Incendie de Rennes 1720 (≈ 1720)
Détruit une grande partie de la ville
1ère moitié du XVIIIe siècle
Reconstruction de la place
Reconstruction de la place 1ère moitié du XVIIIe siècle (≈ 1850)
Construction des immeubles actuels
6 novembre 1959
Classement Monument Historique
Classement Monument Historique 6 novembre 1959 (≈ 1959)
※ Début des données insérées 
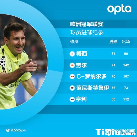 数据解析梅西欧冠71球 某一点比劳尔C罗强太多
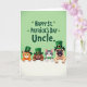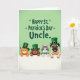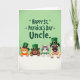 Designed with four friendly, human-like pets peeking over a bright white ledge, this St. Patrick’s Day card sets a sweet, buddy-to-buddy scene. Behind them, a softly blended green background frames their faces as they lean in close, their paws resting side by side like they’re sharing a private greeting. Two cats and two dogs wear small emerald top hats with gold buckles, and one striped cat adds a green bow tie that makes it look extra attentive. Their expressions feel affectionate and welcoming, with bright eyes and open smiles that suggest they’re all in on the same cheerful surprise for someone special. Near the top, the message “HAPPY ST. PATRICK’S DAY Uncle” appears in large, easy-to-read lettering, with small shamrock accents sprinkled around it ☘️💚. The text stands out clearly against the green backdrop, keeping the focus on the greeting while leaving plenty of room for the characters’ faces. One cat has warm orange fur, another shows darker stripes, and the dogs include a smooth brown coat and a lighter fawn face with gentle wrinkles under the hat. Tiny shamrocks dot the green background above the characters, while the white foreground stays plain and crisp.

Façades et toitures protégées
Aujourd'hui
Aujourd'hui
Aujourd'hui Aujourd'hui (≈ 2025)
Position de référence.
Patrimoine classé
Façade sur la place ; toitures et souches de cheminées (cad. B 743) : classement par arrêté du 6 novembre 1959
Personnages clés
Information non disponible - Aucun nom cité
Sources insuffisantes pour identifier
Origine et histoire
L’immeuble situé 11 place du Parlement-de-Bretagne à Rennes fait partie des constructions érigées après le grand incendie de 1720, qui ravagea une grande partie de la ville. Ces bâtiments, caractéristiques de la première moitié du XVIIIe siècle, furent conçus pour redonner un visage moderne et harmonieux au centre-ville. Leurs façades en granit, ornées d’arcades en plein-cintre, abritent des rez-de-chaussée commerciaux, des entresols et deux étages, couronnés par un étage de combles à la Mansart, typique de l’architecture classique française. Les pilastres ioniques, séparant les travées, renforcent l’élégance symétrique de l’ensemble.
La place du Palais (aujourd’hui place du Parlement-de-Bretagne) devint ainsi un symbole de la reconstruction rennaise, mêlant utilité urbaine et ambition esthétique. Les façades sur la place et les toitures, classées Monument Historique par arrêté du 6 novembre 1959, illustrent la volonté de préserver ce patrimoine architectural. L’immeuble, comme ses voisins, témoigne de l’adaptation des techniques constructives locales (granit breton) aux canons classiques importés, tout en répondant aux besoins d’une ville en pleine renaissance économique après la catastrophe.
Aucune information n’est disponible sur les propriétaires initiaux ou les architectes ayant dirigé les travaux. Cependant, le style uniformisé des bâtiments suggère une planification centrale, peut-être impulsée par les autorités municipales ou le Parlement de Bretagne, institution majeure alors installée à Rennes. L’absence de documents d’archives précis dans le texte source limite la connaissance des détails techniques ou des débats ayant entouré cette reconstruction.